The world has embarked on another massive technological and social surge—the quantum revolution. The countries that master quantum technology will dominate the information-processing space for decades and perhaps centuries to come, giving them control and influence over sectors such as advanced manufacturing, pharmaceuticals, the digital economy, logistics, national security and intelligence.
Our new report, An Australian strategy for the quantum revolution, published by ASPI’s International Cyber Policy Centre argues that Australia needs a clear quantum strategy with strong political leadership and an organised drive with policy focus and public investment.
Without this coordinated effort, Australia will be left behind.
Our report focuses on analysis and building policy recommendations to help Australia better leverage the quantum revolution. The report also recognises that quantum is just one among a number of critical technologies.
A step change is needed in Australia’s policy settings related to critical and emerging technologies generally.
Quantum computing, quantum communications and other quantum-enabled technologies will change the world, reshaping geopolitics, international cooperation and strategic competition.
The new administration in the United States is well aware of this. In his first weeks in office, President Joe Biden signalled a major new policy focus on science and technology, including quantum technologies.
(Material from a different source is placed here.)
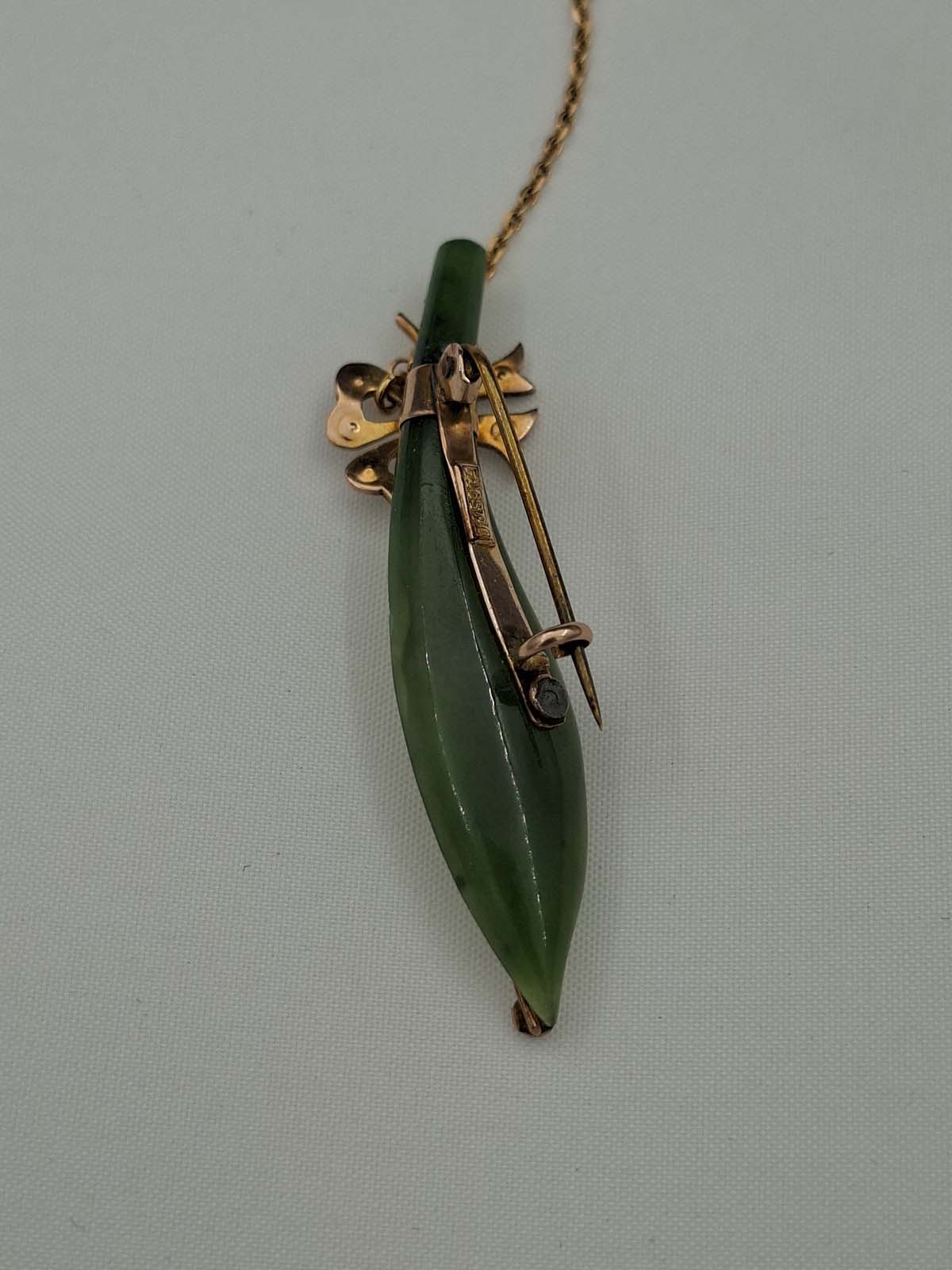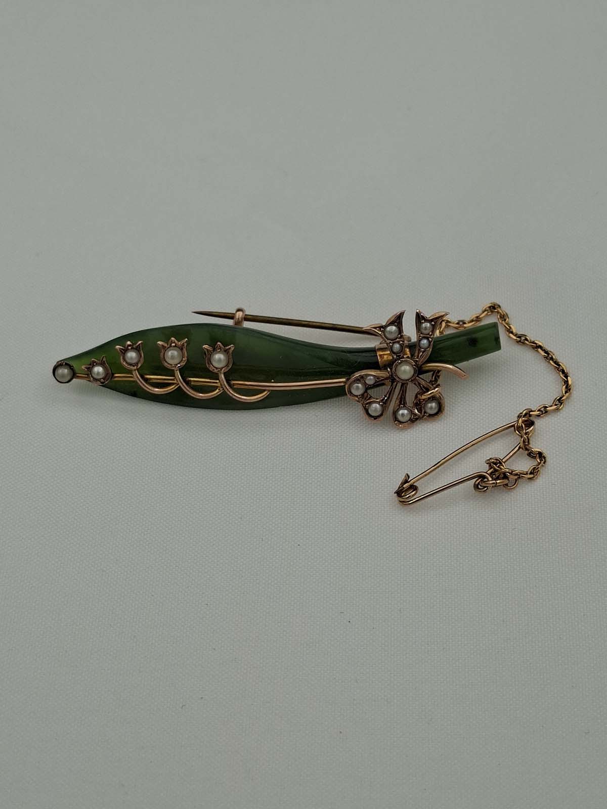 A beautiful leaf shaped greenstone brooch set in 9ct, stamped, with a bow to the stem and flowers along the leaf. Both bow and flowers are set with seed pearls. A safety chain is attached; total weight is approximately 5.39g.
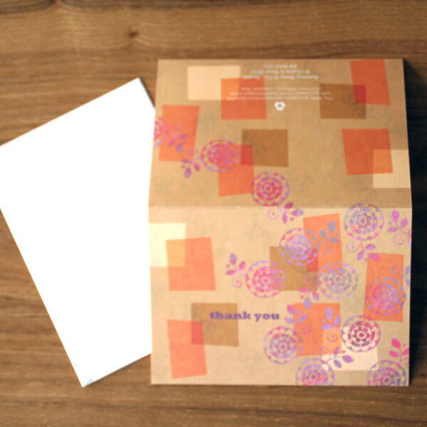 ベージュやオレンジ、ブラウンを基調に、お花模様がスタンプのように散りばめられたシックなメッセージカード。

The Covid-19 crisis has also seen quantum emerge as a vector for post-pandemic recovery: large capital investments have been made over the past year by nations including China, Japan, Germany, France, South Korea and India.
While Australia benefited from the digital revolution, we missed our opportunity to play a major role in the computing and communications technology sector. A similar fate doesn’t have to befall us in the quantum revolution. We have a long history of leadership in quantum technology and we’re highly influential relative to our size.
As geopolitical competition over critical technologies escalates, we’re also well placed to leverage our quantum capabilities thanks to our geostrategic location, alliances with other technologically, economically and militarily dominant powers (most notably the Five Eyes countries) and key partnerships in the Indo-Pacific, including with Japan and India.
While Australia is well placed to take full advantage of the quantum revolution, maintaining the status quo is not enough. We must build and capitalise on the immense potential of quantum technologies.
Prime Minister Scott Morrison should appoint a dedicated and ongoing minister for critical and emerging technologies, including cyber. This minister’s focus should be technology, rather than ‘technology’ being added to a longer list of portfolio responsibilities. This should be a whole-of-government role with the minister working across the relevant economic, national security, industry, research, defence and science agencies in the public service.
The government should also immediately lay the groundwork for a $15 billion post-Covid-19 technology stimulus that should include a $3–4 billion investment in quantum technologies. The stimulus would be a game-changer for the nation and help diversify and deepen its technological and research and development base. It would also exploit our disproportionate concentration of world-class quantum expertise, ensuring the long-term growth and maintenance of this vital technological sector.
The government should move quickly in 2021 to develop and articulate a national technology strategy, of which quantum should form a key part.
The relatively new but small Critical Technologies Policy Coordination Office in the Department of the Prime Minister and Cabinet (PM&C) should be expanded and elevated to become the ‘National Coordinator for Technology’.
Critical and emerging technologies present a myriad of opportunities, challenges and threats, and PM&C is the only department with the whole-of-government perspective to balance them across our economy, society and national security.
PM&C should work closely with other parts of government, including the Department of Industry, Science, Energy and Resources, Office of the Chief Scientist, Defence, Home Affairs, the Department of Foreign Affairs and Trade, CSIRO, the Office of National Intelligence and the Australian Signals Directorate, as well as the research community, civil society and the private sector.
Within this elevated division, offices should be created to focus on a small number of key critical technology areas deemed most important to Australia and our place in the world. The first such office should be developed for quantum technology, while other offices could focus on, biotechnology and artificial intelligence, for example. A useful model for such appointments is the position of assistant director for quantum information science at the White House Office of Science and Technology Policy in the US.
At the same time, the federal government should lead a national quantum initiative in consultation with the states and territories and the private sector. A goal of this initiative should be to form an ‘Australian distributed quantum zone’—a large collaboration of universities, corporations and Australian-based quantum start-ups tasked with laying the foundations of a dedicated domestic industry for quantum technology prototyping, development and manufacturing.
Significant government investment should be used to help stimulate an economy emerging from the most severe crisis in decades. Australia’s favourable handling of Covid-19 presents a unique opportunity to attract new talent as well as to lure back Australians currently running foreign quantum programs, and further expansions to the government’s talent visa options should be considered.
Once this groundwork is laid, Australia will be in a strong position to assume a quantum technology leadership role in the Indo-Pacific region.